I explore some of the dimensions of understanding politicians as “ministers of God” in this week’s Acton Commentary, “Ministers of Common Grace.” It strikes me that those who seek salvation from politicians are making a significant category mistake. Politicians cannot save because politics cannot save. Politics cannot save because it is an arena of common or preserving rather than special or saving grace.

So it’s important to see politicians, as well as businesspersons, artists, scientists, teachers, and line workers as “ministers” in a broad sense: in their work they are means or channels of God’s common grace, his blessings on all people. This is an important insight into how God’s purpose for our lives finds expression in our daily lives. (A great source for exploring common grace in the areas of science and art is the recently-released Wisdom & Wonder by Abraham Kuyper.)
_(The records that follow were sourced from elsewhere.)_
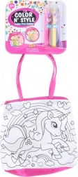 Set creativo per piccoli artisti: borsetta da colorare di circa 16 × 16 cm, che include 4 speciali pennarelli per tessuti e strass decorativi. Ideale per lo sviluppo della creatività, della motricità fine e di uno stile originale. Adatta ai bambini dai 3 anni.
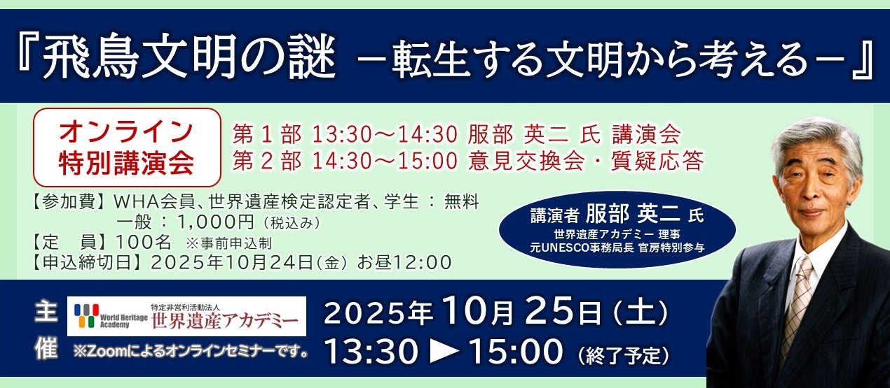 2025年10月25日(土)開催、WHA主催、WHA理事・服部 英二 氏による、オンライン特別講演会『飛鳥文明の謎 -転生する文明から考える-』のご案内
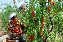 7月16日,寧夏銀川市西夏區(qū)蘆花鎮(zhèn)金田村村民汪秀英在采摘枸杞。 近日,寧夏枸杞進(jìn)入采摘季節(jié),25萬(wàn)農(nóng)戶搶摘枸杞。2007年枸杞收購(gòu)價(jià)格上漲,平均每公斤超過(guò)27元,較上年同期高出八元以上。近年來(lái),寧夏積極扶持和發(fā)展枸杞種植和加工產(chǎn)業(yè),種植面積超過(guò)45萬(wàn)畝,產(chǎn)值已達(dá)到15億元;10萬(wàn)多農(nóng)戶依靠枸杞產(chǎn)業(yè)脫貧致富,40多萬(wàn)人參與枸杞種植和深加工創(chuàng)收。 |
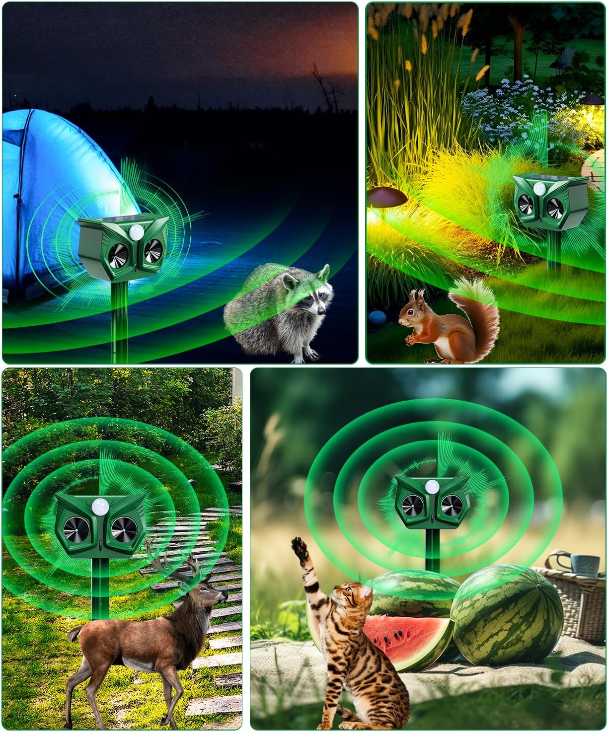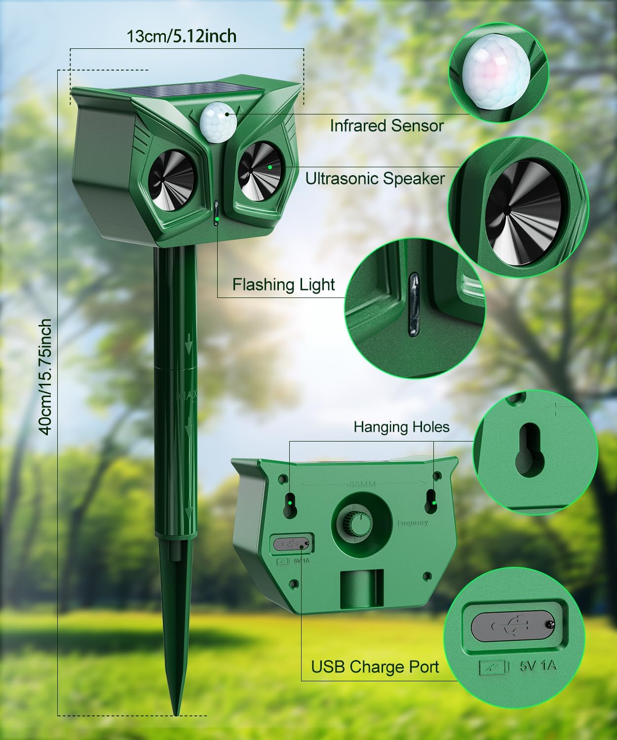 دافع حیوانات، دورکننده حیوانات - اولتراسونیک با قابلیت تشخیص حرکت و تغذیه از طریق USB و انرژی خورشیدی، ضد آب، مناسب برای دفع روباه، سنجاب و جوندگان ن1

But it’s equally important to distinguish between common and special grace and see how the two relate. And this is one of the things that makes the institutional church and its ministers unique. The church is where we hear, see, touch, and taste Christ, proclaimed in the Word and sacraments. That’s why the Belgic Confession contends, for instance, that “every one ought to esteem the ministers of God’s Word and the elders of the Church very highly for their work’s sake.”

  • http://naturalaw.failuretorefrain.com jurisnaturalist

    We ought to be even more skeptical than this of politician’s capacity to exercise common, preservative, grace.  Law derived from efficient processes may be sufficient for this preservative function, even in absence of legislation, and therefore legislators.  Further, we can emphasize the creative nature of special grace.  We participate in the act of creation – the positive generation of new good – when we operate in responsiveness to the Holy Spirit.  And, of course, this capacity is available to all ministers of God, that is all believers in their respective callings (occupations), not just those holding church offices. 
    If believers would adopt this latter view of occupation it might help dissolve some of the mystique attached to common grace ministers (politicians).  Is there some way to effectively de-cloak the politician?